Incident during the Russian invasion of Ukraine

In the morning of 6 September 2023, a missile struck an open market in downtown Kostiantynivka, Ukraine. The strike left at least 15 people dead, including a child and a couple in their 50s who were selling flowers at the market, and at least 32 wounded. An investigation by The New York Times suggested that the missile was fired from Ukrainian positions west of Kostiantynivka from a Buk system, based on video and audio footage from near the launch site and from the town, and analyses of the explosion and its aftermath. Security Service of Ukraine spokesman said that they continue an official investigation of the attack, but currently believe it was a S-300 missile launched by Russian forces.

==Initial response==

(Ukrainian) Video address from the National Police of Ukraine, with security footage of the impact and firefighting efforts shown.
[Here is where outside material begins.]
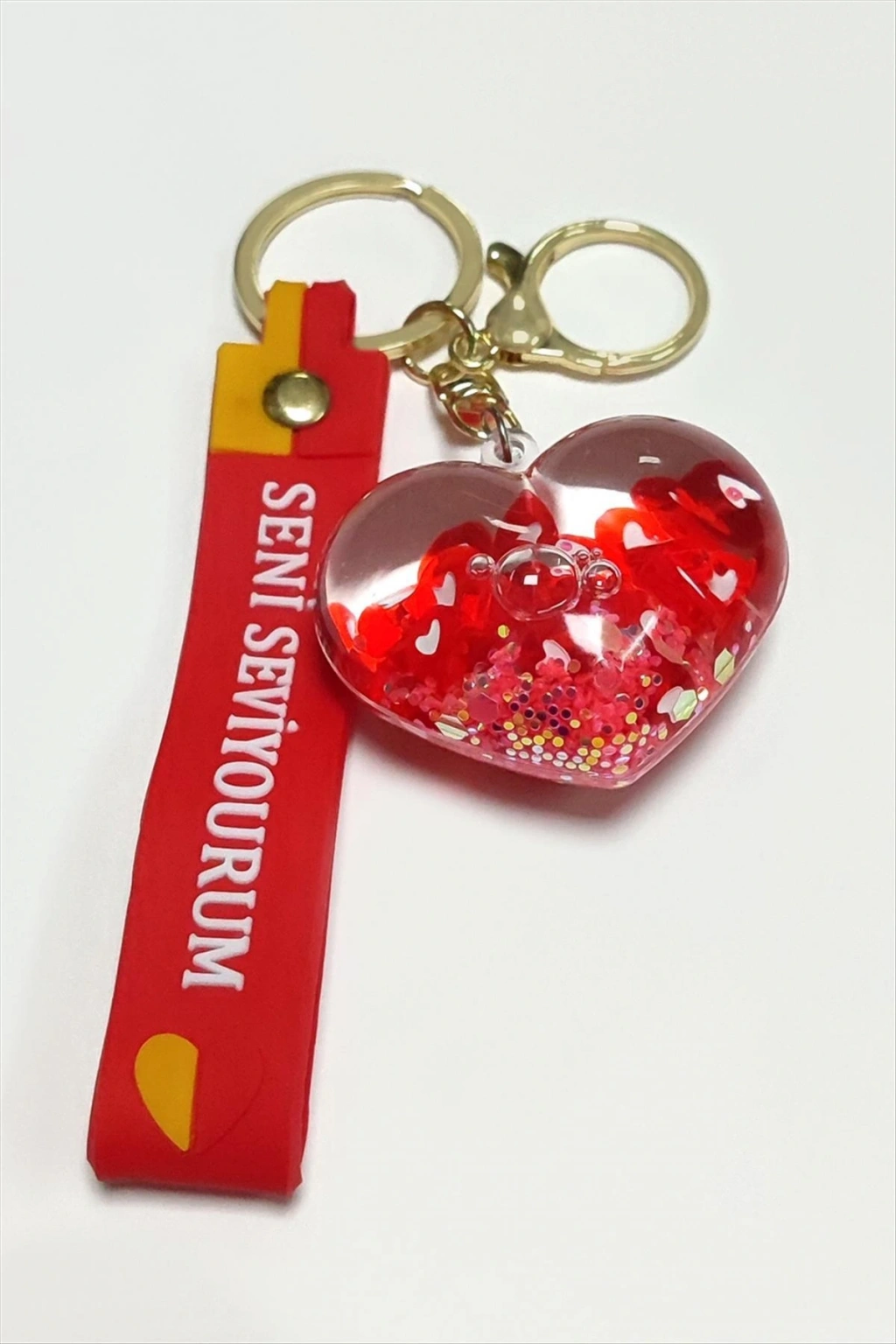 Anahtarlık; Ürün malzemesi silikon ve metaldir. Ürün boyu 18 cmdir. 1 sınıf kaliteli malzemeden üretilmiştir. Ürün içersindeki kalp içinde su ve pullar vardır.

The strike took place just hours after United States Secretary of State Antony Blinken landed in Kyiv to meet with Ukrainian officials. Ukraine's President Volodymyr Zelenskyy condemned the attack, describing it as "utter inhumanity" saying "Russian terrorists have attacked a regular market, shops, and a pharmacy, killing innocent people." Ukrainian Prime Minister Denys Shmyhal wrote that "There will be a just retribution for everything."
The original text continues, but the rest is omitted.